Extracted records:

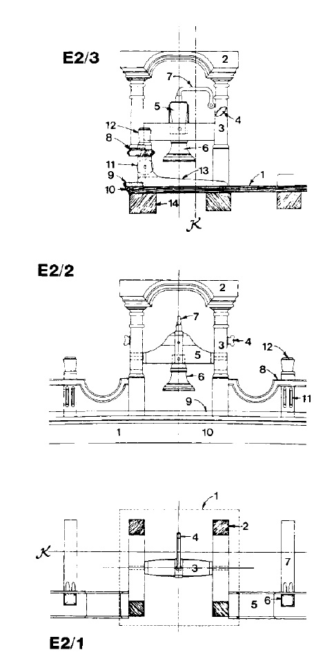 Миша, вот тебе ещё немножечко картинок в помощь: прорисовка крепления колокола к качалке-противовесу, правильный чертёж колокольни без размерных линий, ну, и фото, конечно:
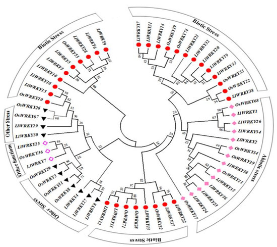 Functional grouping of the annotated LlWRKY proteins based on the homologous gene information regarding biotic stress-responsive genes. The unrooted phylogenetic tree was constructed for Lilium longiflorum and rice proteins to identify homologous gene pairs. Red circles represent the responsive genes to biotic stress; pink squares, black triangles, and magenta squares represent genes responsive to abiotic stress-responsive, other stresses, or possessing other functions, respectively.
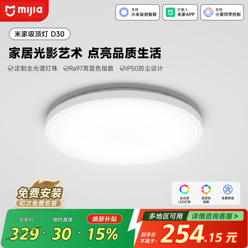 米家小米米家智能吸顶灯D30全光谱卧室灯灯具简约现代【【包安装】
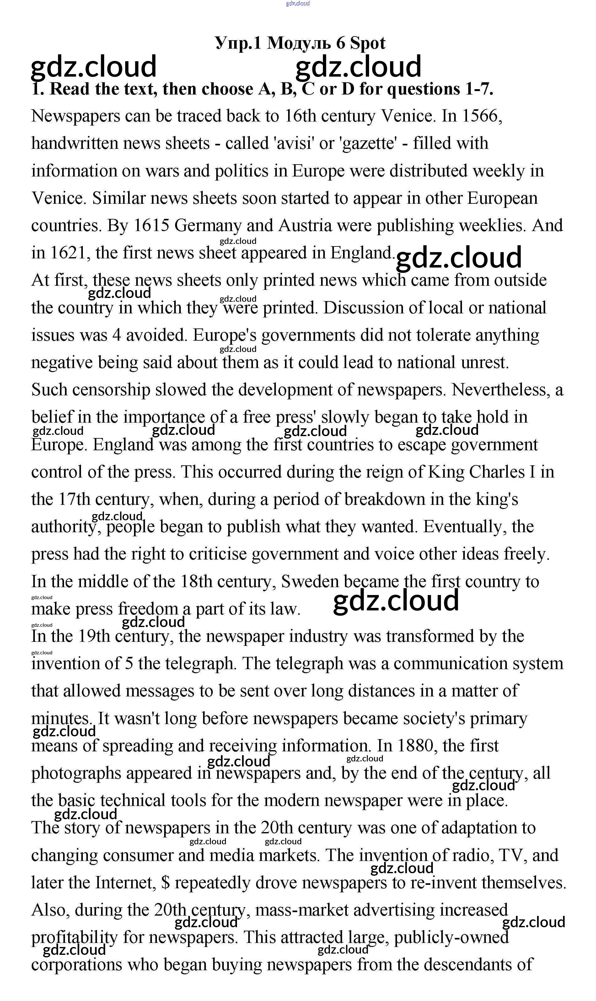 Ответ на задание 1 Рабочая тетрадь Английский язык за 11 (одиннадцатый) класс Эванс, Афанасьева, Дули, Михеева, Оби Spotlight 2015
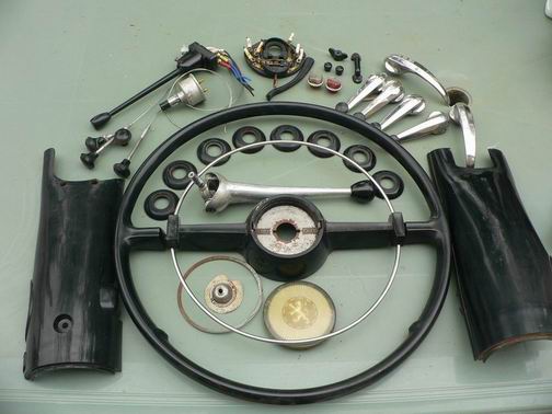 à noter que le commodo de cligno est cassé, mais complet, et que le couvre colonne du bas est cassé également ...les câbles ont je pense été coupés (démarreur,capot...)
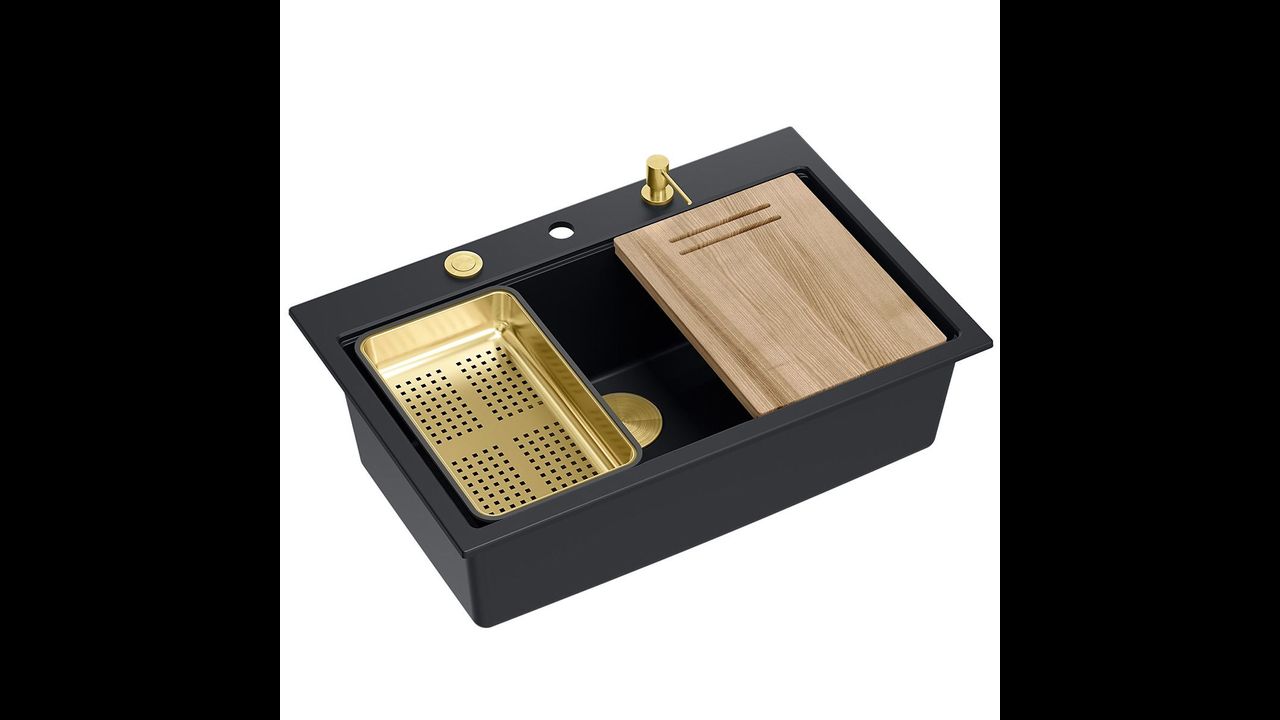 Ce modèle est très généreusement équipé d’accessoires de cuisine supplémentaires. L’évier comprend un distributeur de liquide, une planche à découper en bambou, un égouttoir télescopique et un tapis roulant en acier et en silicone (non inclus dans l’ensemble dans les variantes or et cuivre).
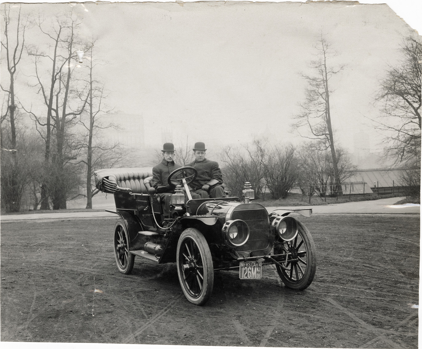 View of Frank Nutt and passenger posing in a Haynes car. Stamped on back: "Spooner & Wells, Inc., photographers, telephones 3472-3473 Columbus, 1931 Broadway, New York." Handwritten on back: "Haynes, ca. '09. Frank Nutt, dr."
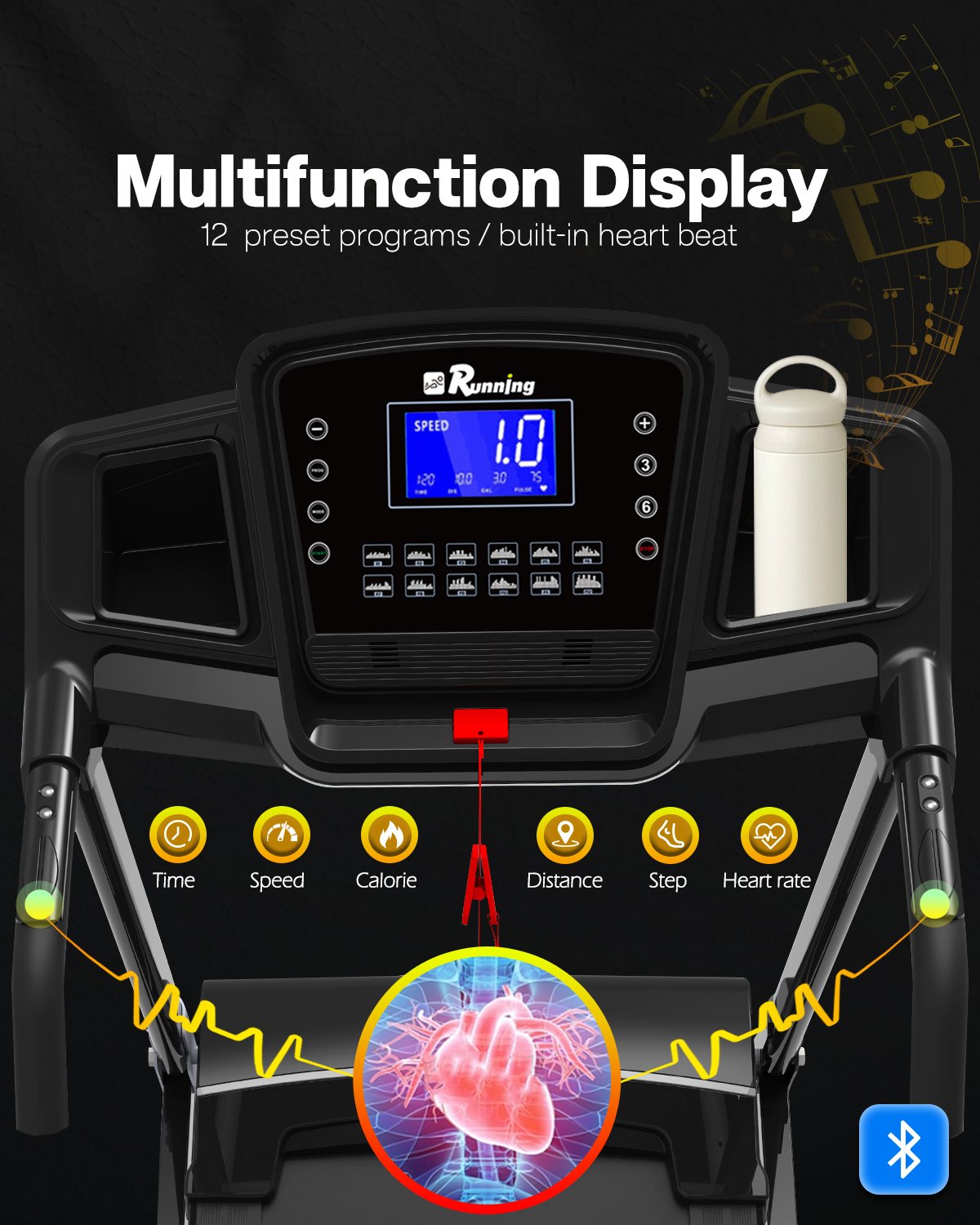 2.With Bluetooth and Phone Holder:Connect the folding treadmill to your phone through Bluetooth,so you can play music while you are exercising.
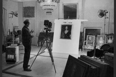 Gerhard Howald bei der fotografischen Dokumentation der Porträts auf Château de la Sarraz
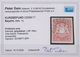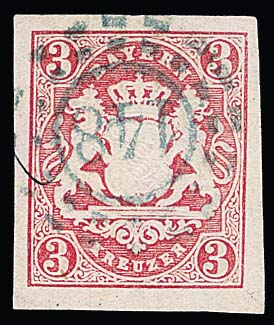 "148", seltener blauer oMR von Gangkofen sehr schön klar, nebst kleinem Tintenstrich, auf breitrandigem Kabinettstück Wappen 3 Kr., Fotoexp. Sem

• _EXERCISE REQUIREMENTS_:
The records above must be retyped exactly. Please omit the pictures.

• _ANSWER BOX_:
 Миша, вот тебе ещё немножечко картинок в помощь: прорисовка крепления колокола к качалке-противовесу, правильный чертёж колокольни без размерных линий, ну, и фото, конечно:
 Functional grouping of the annotated LlWRKY proteins based on the homologous gene information regarding biotic stress-responsive genes. The unrooted phylogenetic tree was constructed for Lilium longiflorum and rice proteins to identify homologous gene pairs. Red circles represent the responsive genes to biotic stress; pink squares, black triangles, and magenta squares represent genes responsive to abiotic stress-responsive, other stresses, or possessing other functions, respectively.
 米家小米米家智能吸顶灯D30全光谱卧室灯灯具简约现代【【包安装】
 Ответ на задание 1 Рабочая тетрадь Английский язык за 11 (одиннадцатый) класс Эванс, Афанасьева, Дули, Михеева, Оби Spotlight 2015
 à noter que le commodo de cligno est cassé, mais complet, et que le couvre colonne du bas est cassé également ...les câbles ont je pense été coupés (démarreur,capot...)
 Ce modèle est très généreusement équipé d’accessoires de cuisine supplémentaires. L’évier comprend un distributeur de liquide, une planche à découper en bambou, un égouttoir télescopique et un tapis roulant en acier et en silicone (non inclus dans l’ensemble dans les variantes or et cuivre).
 View of Frank Nutt and passenger posing in a Haynes car. Stamped on back: "Spooner & Wells, Inc., photographers, telephones 3472-3473 Columbus, 1931 Broadway, New York." Handwritten on back: "Haynes, ca. '09. Frank Nutt, dr."
 2.With Bluetooth and Phone Holder:Connect the folding treadmill to your phone through Bluetooth,so you can play music while you are exercising.
 Gerhard Howald bei der fotografischen Dokumentation der Porträts auf Château de la Sarraz
 "148", seltener blauer oMR von Gangkofen sehr schön klar, nebst kleinem Tintenstrich, auf breitrandigem Kabinettstück Wappen 3 Kr., Fotoexp. Sem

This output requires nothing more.